- Author: Ben Faber
A new ruling from CDFA to modify the announcement from March 2. Read on:
CDFA suspends enforcement of new citrus rule |
The California Department of Food and Agriculture announced March 2 that it was suspending enforcement of a new regulation regarding transport of bulk citrus, the day after the new rule took effect. The department said "the decision was made as a courtesy to the citrus industry to allow for additional time to prepare citrus operations to comply with the new rule, which requires all bulk citrus loads to be fully covered regardless of the origin or the destination. Additionally, CDFA is continuing to process and return compliance agreements." Although enforcement has been suspended indefinitely, CDFA is expecting haulers to voluntarily abide by the new rule. Compliance can be achieved several ways, including but not limited to the use of a shipping container, tarp, enclosed vehicle (including curtain vans), or another method that completely covers bulk citrus during transport. If using a tarp, tarps must reach the bed of the truck. |
From March 2, 2017
From AgNet West, http://agnetwest.com/2017/02/27/citrus-tarping-starts-march-1/
As of March 1, 2017, all citrus loads traveling throughout the state of California have to be tarped. This regulation aims to reduce the accidental transportation of the Asian citrus psyllid (ACP).

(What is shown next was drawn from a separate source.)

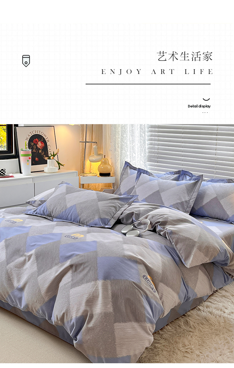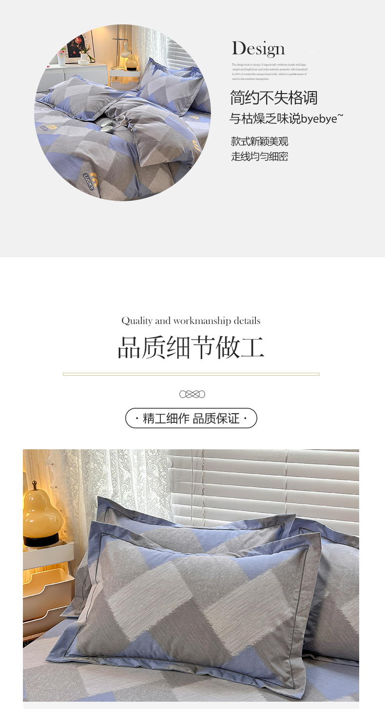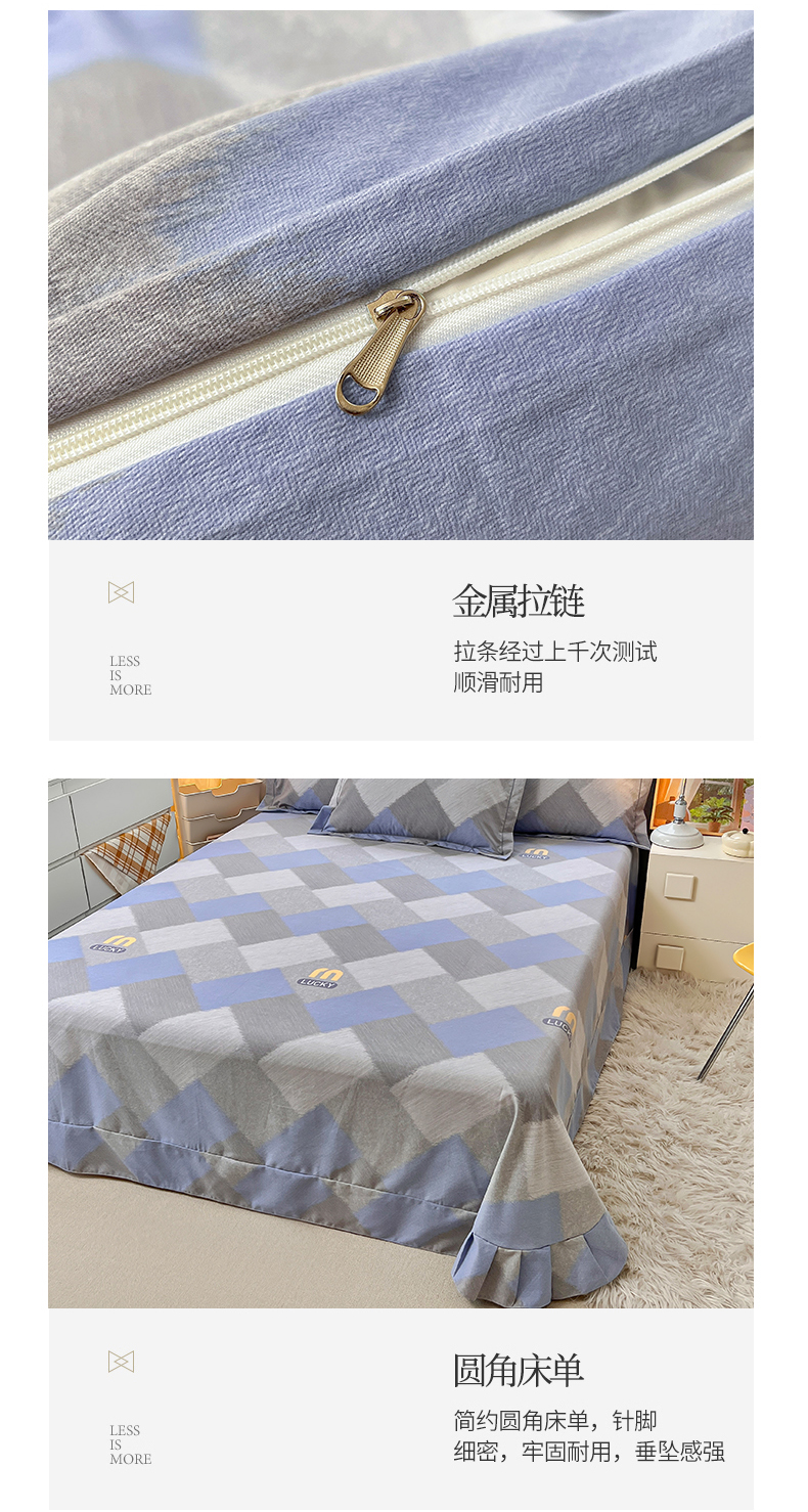 当前位置: 91家纺网 > 商品网购 > 床品套件 > 四件套 > 普通磨毛四件套 > 简约家纺 2025新款全棉磨毛四件套 灵感-蓝

The Citrus Pest and Disease Prevention Program (CPDPP) is helping to get the word out about the new regulation. “That regulation is stating that every load, regardless of origin or destination, must be tarped,” CPDPP Grower Liaison Erin Betts said. “You don't have to use a tarp. You can use a van or something that is completely covered on all four sides, down to the bed.”
Counties north of the grapevine region have been noticing a trend with ACP finds in the area, and the new tarping regulation hopes to limit some of the accidental transportation the industry is seeing. “When we started having finds, they were all along the major transportation corridors,” Betts said. “So if we cover these loads that are coming and going from wherever, we are preventing that psyllid from hopping off … at a stop light or a stop sign in the middle of the Citrus Belt, Kern County or anywhere.”
All citrus loads being transported in California will now have to be fully covered by tarps. The state passed an emergency law that makes tarping mandatory in an attempt to reduce the accidental spread of the Asian citrus psyllid (ACP).
From the Citrus Pest and Disease Prevention Program (CPDPP):
The California Office of Administrative Law approved an emergency rule that requires all bulk citrus loads to be fully tarped during transport regardless of where the load originates from or its destination. The statewide mandatory tarping regulation is in response to a recommendation from the Citrus Pest and Disease Prevention Committee (CPDPC) to prevent the spread of the Asian citrus psyllid. The California Department of Food and Agriculture will begin contacting growers, haulers and packers to re-sign compliance agreements that include the tarping requirement. These entities are urged to begin preparations now while they wait to receive new compliance agreements.
Why did the Citrus Pest & Disease Prevention Committee ask for a mandatory tarping regulation?
The statewide mandatory tarping regulation is a preventive action to address the spread of the Asian citrus psyllid, and is in response to an analysis conducted by the University of California that looked at Asian citrus psyllid find patterns along transportation corridors. As the number of psyllid finds increase in commercial citrus regions and along major transportation corridors, the CPDPC felt the action was a necessary step to help prevent the spread of Huanglongbing – the deadly citrus tree disease that the psyllid can carry.
What are the regulatory requirements?
The new requirement is a statewide regulation that restricts the movement of regulated articles from “or within” a quarantine area. Revised compliance agreement exhibits will require all bulk citrus loads to be fully tarped regardless of where the load originates from or its destination, even loads that are traveling within a county. Specifics of the requirements will be released soon. In the meantime, producers can review USDA's tarping compliance requirements for general guidelines. Read the full press release from the CPDPP.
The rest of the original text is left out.